Between Black Friday and Christmas Day, sales of Kindle books increased 175% over the same period in 2010. Christmas Day saw the largest day ever for Kindle Book downloads. The Kindle is an e-book reader that enables users to wirelessly shop for, download and read books, newspapers, magazines and other media.
Shares of Amazon.com, Inc (AMZN) closed the week trading at $173.10 per share.
The Dow started the week at 12,294 and closed at 12,218. The S&P 500 started the week at 1,265 and ended at 1,258. The NASDAQ started the week at 2,619 and finished at 2,605.
At Close of Year, Euro Debt Seen as Toxic
In 2011, concerns over sovereign debt dominated the bond markets. As U.S. Treasuries closed the year at a three-year high, European sovereign debt closed much lower over the course of the year.
Concerns over European debt drove interest in the U.S. debt. According to one recent media report, European debt by the end of 2011 was seen as having about the same status as "toxic" subprime mortgage bonds had several years ago.
"It's almost like 2008," said Anthony Crescenzi with Pacific Investment Management, comparing the holding of European sovereign debt to a few years ago when "banks and investors didn't want to be seen as having holdings... in subprime mortgages and other so-called toxic assets."

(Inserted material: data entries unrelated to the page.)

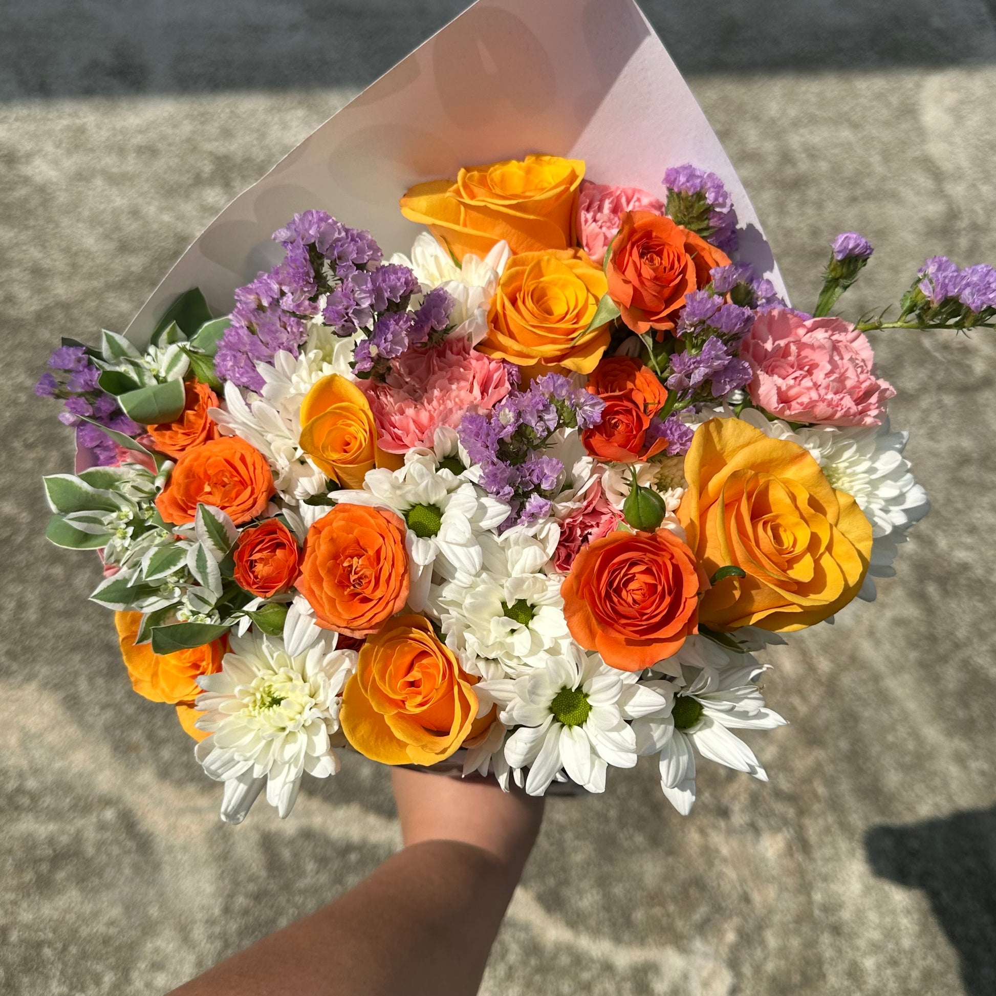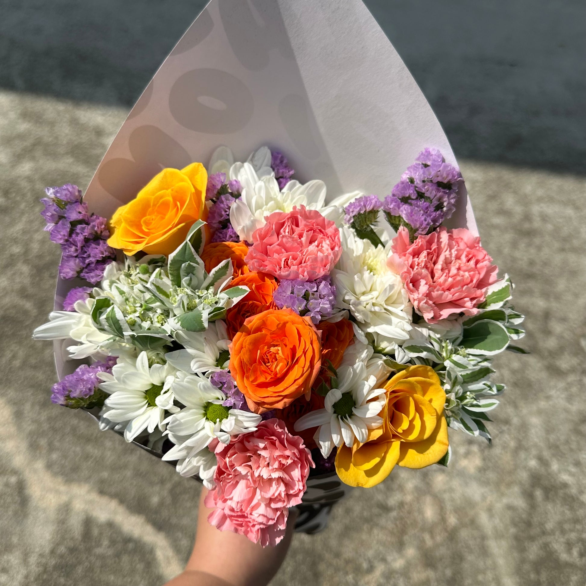 KB ISSUE #7 will run from 20th to 26th June 2024! This bouquet is light and bright, consisting of Roses, Carnations, Rose Sprays, Chrysanthemums, Euphorbias, and more!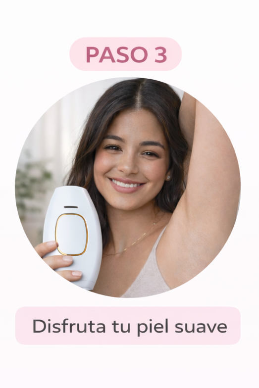 Gracias a su tecnología de Luz Pulsada Intensa (IPL), debilita progresivamente el vello desde la raíz, ayudando a reducir su crecimiento de forma duradera.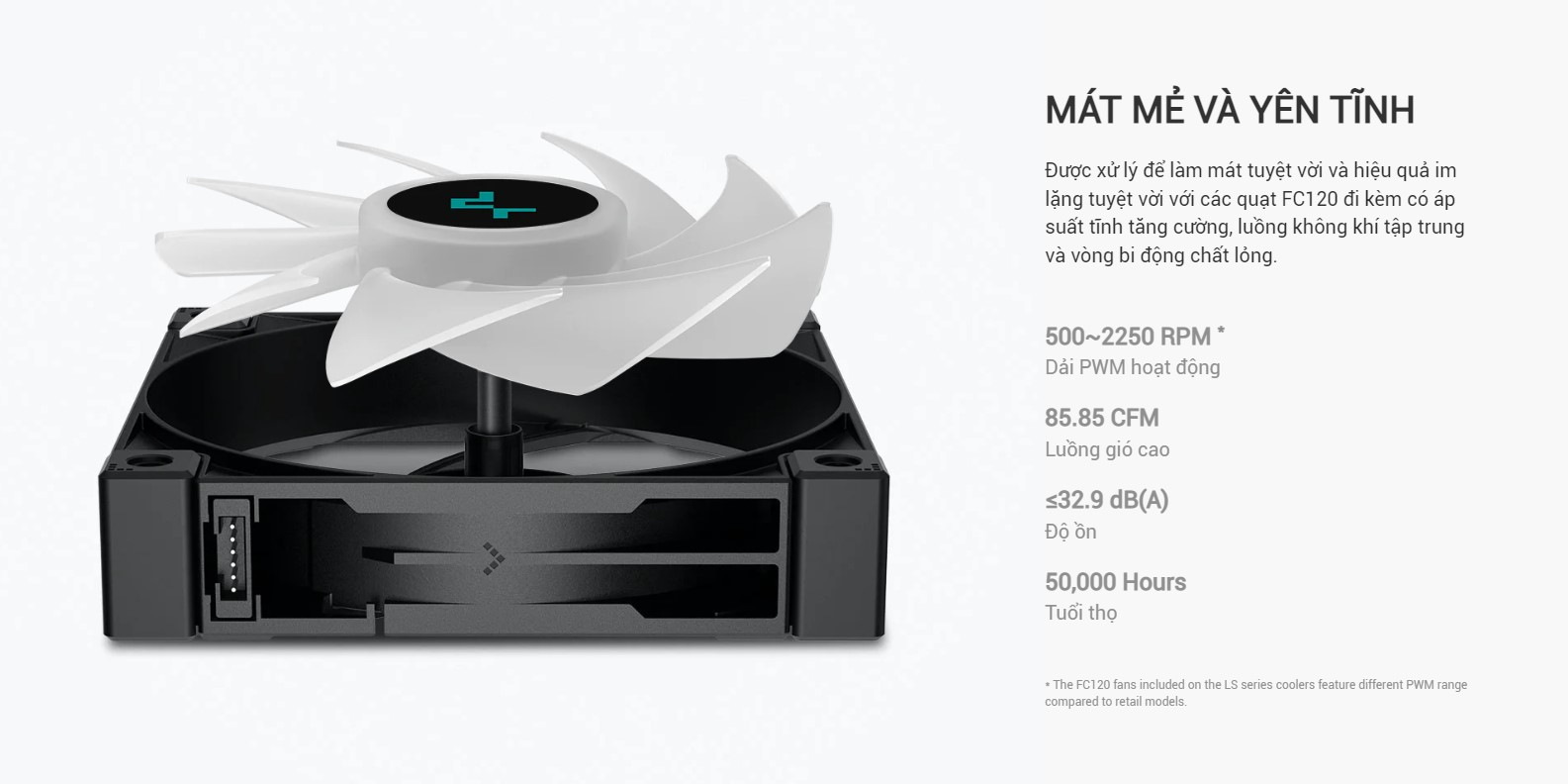 Được đối xử với khả năng làm mát tuyệt vời và hiệu suất im lặng tuyệt vời với các quạt FC120 đi kèm có áp suất tĩnh tăng cường, luồng không khí tập trung và ổ trục động chất lỏng.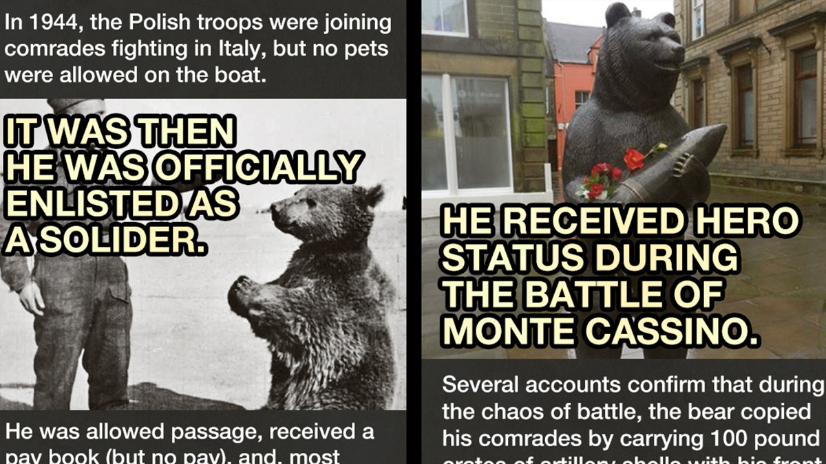 Meet Wojtek, the 490-pound Syrian brown bear that might have been the most intimidating solider during World War II. Read more about how a bear became an official solider below.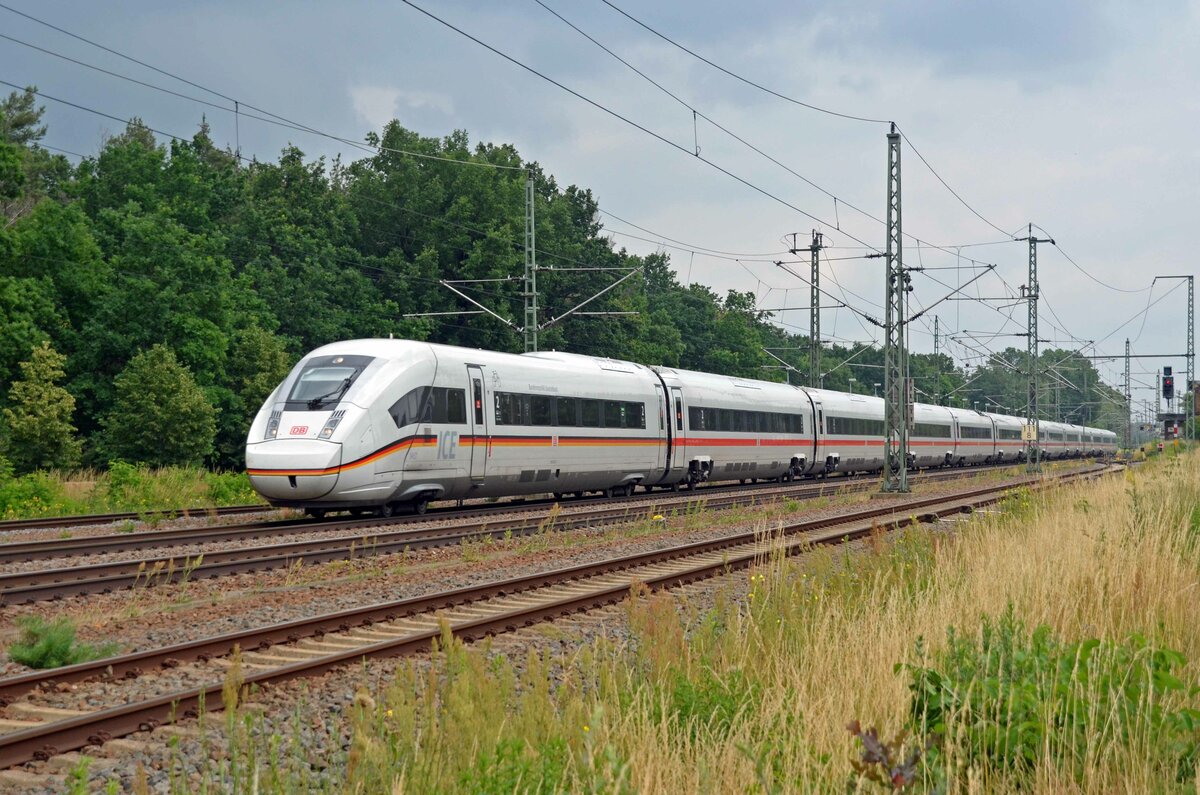 Der ICE 4 "Bundesrepublik Deutschland" war am 02.07.21 als ICE 599 von Berlin nach München. Hier passiert er Radis in Richtung Leipzig.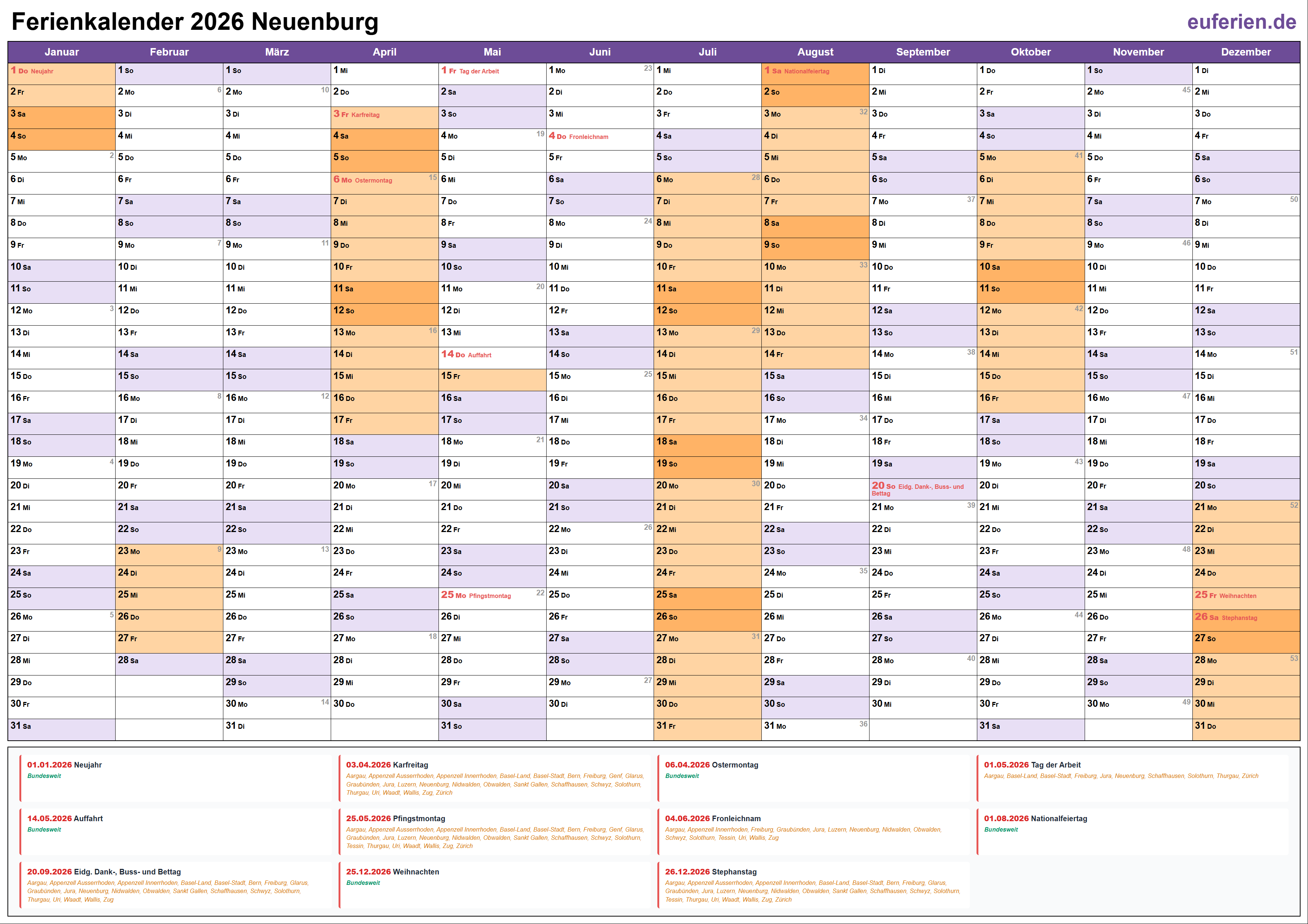 Ferienkalender Neuenburg 2026 herunterladen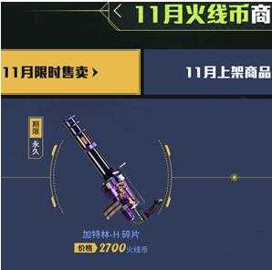 CF永久加特林H怎么得CF 永久加特林 H 怎么得 加特林 H 是 CF 中最新上线的一款装备 输出强力 弹量充足 那要怎么刷永久的呢 下面跟着小编一起看看吧 CF 永久加特林 H 获得攻略 在 11 月中 玩家们可以花费 2700 ...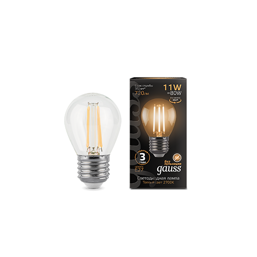 Лампа филаментная GAUSS E27, шар, 11Вт, одна шт. [105802111]
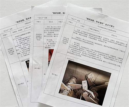 活動第二階段為“專項提升、協(xié)同推進(jìn)”階段,從規(guī)章制度、工作流程、項目經(jīng)營等方面提升管理機(jī)制,改善組織運營效率,提升項目履約水平與創(chuàng)利能力;每月組織開展“精抓細(xì)管,降本增效”金點子征集活動,制定《管理改善和提升工作臺賬》,號召全體職工出謀劃策,集思廣益,助力公司降本增效,努力構(gòu)建持續(xù)創(chuàng)新、不斷超越的長效機(jī)制。

By year's end, nations like Italy have seen their government securities lose 5.7% for the year compared to a 9.6% return on U.S. Treasuries. The end of the year marks a three-year high for U.S. debt according to Bank of America Merrill Lynch.
The 10-year Treasury note yield finished the week at 1.87% while the 30-year Treasury note yield finished the week at 2.89%.
Mortgage Rates Remain Near Historic Lows at Years-End
Freddie Mac released its final Primary Mortgage Market Survey (PMMS) of the year on December 29, 2011. The survey revealed that mortgage rates, which have been hovering near historic lows for eight consecutive weeks, ticked upward slightly from their all-time low in the prior week.
The PMMS reported that the 30-year fixed rate mortgage (FRM) averaged 3.95% this week. Last week the 30-year FRM averaged 3.91% and last year at this time it averaged 4.86%.
The average for the 15-year FRM also ticked up slightly over the past week. The 15-year mortgage averaged 3.24%, compared to 3.21 in the previous week. A year ago, the 15-year FRM averaged 4.20%.
Frank Nothaft, Freddie Mac's Vice President and Chief Economist responded to the latest mortgage survey saying: "Mortgage rates ended the year hovering near historic lows in an already affordable housing market." He noted that 5% of households indicated in December their intentions to purchase a home in the coming six months. This, Nothaft says, is the highest measure the U.S. has seen since last May.
The money market fund finished this week at 0.50%. The 1-year CD finished at 0.70%.